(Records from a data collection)
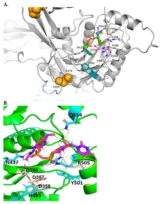 Figure 4 shows a model of B4GALNT1 docked with the essential donor substrate UDP-GalNAc and suggests that conserved N437, R505, R288, and K486 are engaged in hydrogen bonding interactions with donor UDP-GalNAc and could be associated with the UDP reaction product. In addition, H483 and Y501 are near the UDP-GalNAc binding site and may be crucial residues for other interactions. The proximity of the F392 side chain to the uridine moiety suggests the possibility of coordination via pi–pi stacking. The DxD motif (356-358) that can coordinate Mn2+ ion is in proximity to Y501, which may be necessary for coordinating the hydrophobic acceptor substrate. R505 is coordinated near C1 of the GalNAc moiety and is mutated in GM2 synthase deficiency [25] (Figure 4). It seems likely that R505 and H483 are also involved in binding sialylated acceptors such as GM3. As with other GTs, it was not possible to successfully dock the acceptor substrates into the protein, likely because of the complexity in binding a ceramide moiety, as well as a complex glycan chain.
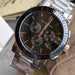 Sporty yet refined, this Burberry chronograph watch features a bold black dial with red accents, three subdials, and a rotating bezel. Crafted in brushed stainless steel, it offers precision timekeeping with Swiss-made movement and a date window for everyday performance and timeless style
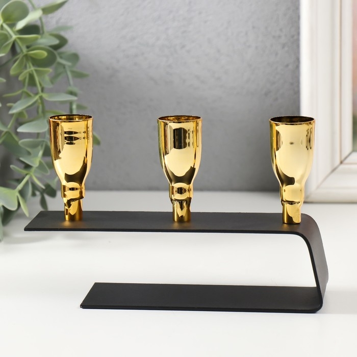 Подсвечник металл на 3 свечи "Деко" чёрный с золотом 15,2х4,7х11 см
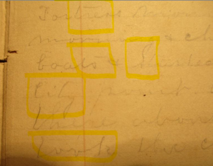 The diary, written in pencil, speaks of the weather, apples, religious services, sick days, and keeps track of letters sent and letters received. When he mentions relatives or friends, and, what I believe are mentions of letters from his future wife, it’s often with initials. And the prison guard sparingly mentions “Rebs.”
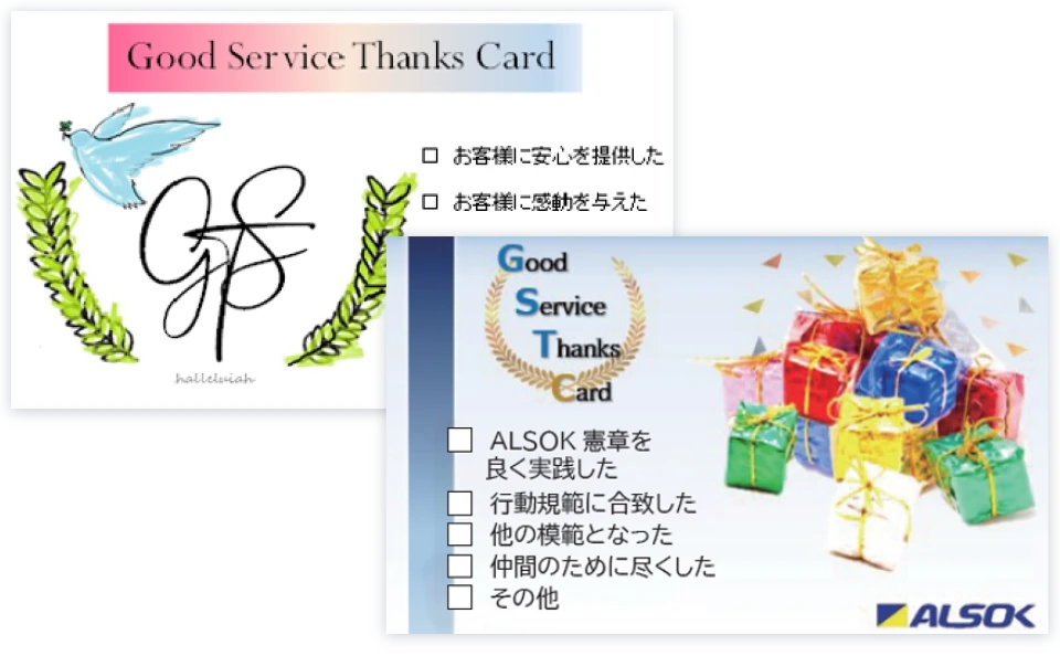 ALSOKでは、部下や同僚が活躍している様子を目にした時や業務上の支援を受けた時、お客様から感謝の言葉をいただいた時などにその内容や感謝の気持ちをカードに記して手渡すGSTカード(GOOD SERVICE THANKS CARD)を導入しています。

WHAT TO PRODUCE ▸
For the entries above, the output must hold exactly the lines from the one with "The diary, written" through the last line, both included, and no pictures.

YOUR RESPONSE ▸
 The diary, written in pencil, speaks of the weather, apples, religious services, sick days, and keeps track of letters sent and letters received. When he mentions relatives or friends, and, what I believe are mentions of letters from his future wife, it’s often with initials. And the prison guard sparingly mentions “Rebs.”
 ALSOKでは、部下や同僚が活躍している様子を目にした時や業務上の支援を受けた時、お客様から感謝の言葉をいただいた時などにその内容や感謝の気持ちをカードに記して手渡すGSTカード(GOOD SERVICE THANKS CARD)を導入しています。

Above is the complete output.